SUPPLIED MATERIAL:
....
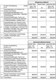 Für die Benutzung des Bürgerhaus Atzbach und der Gemeinschaftshäuser Dorlar und Waldgirmes oder von Teilbereichen sind Entgelte und Kosten nach diesen Bestimmungen zu entrichten.
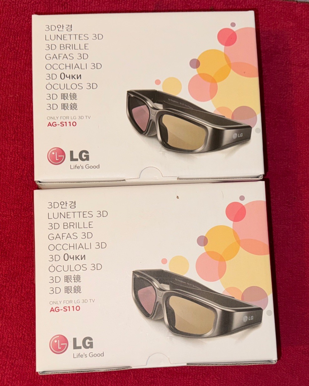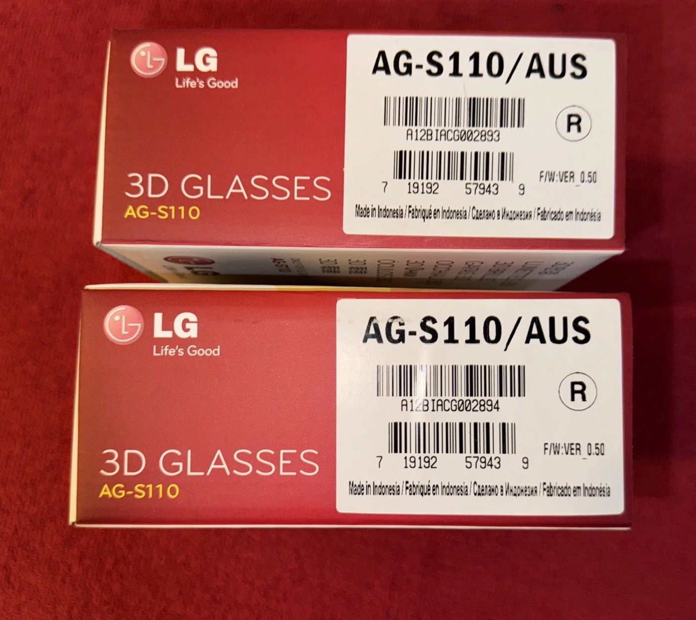 Lot of 2 Genuine LG 3D Glasses TV AG-S110 Active Shutter Glasses New
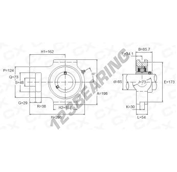 Het Lagerblok - 1 Bevestiging bekend als UCT217 Algemeen heeft een interne diameter van 85 mm. Deze referentie is gemaakt door gietijzer en het type bevestiging is .
....
ACTIVITY:
Word for word, quote the lines above. Omit the pictures.

COMPLETED TASK:
 Für die Benutzung des Bürgerhaus Atzbach und der Gemeinschaftshäuser Dorlar und Waldgirmes oder von Teilbereichen sind Entgelte und Kosten nach diesen Bestimmungen zu entrichten.
 Lot of 2 Genuine LG 3D Glasses TV AG-S110 Active Shutter Glasses New
 Het Lagerblok - 1 Bevestiging bekend als UCT217 Algemeen heeft een interne diameter van 85 mm. Deze referentie is gemaakt door gietijzer en het type bevestiging is .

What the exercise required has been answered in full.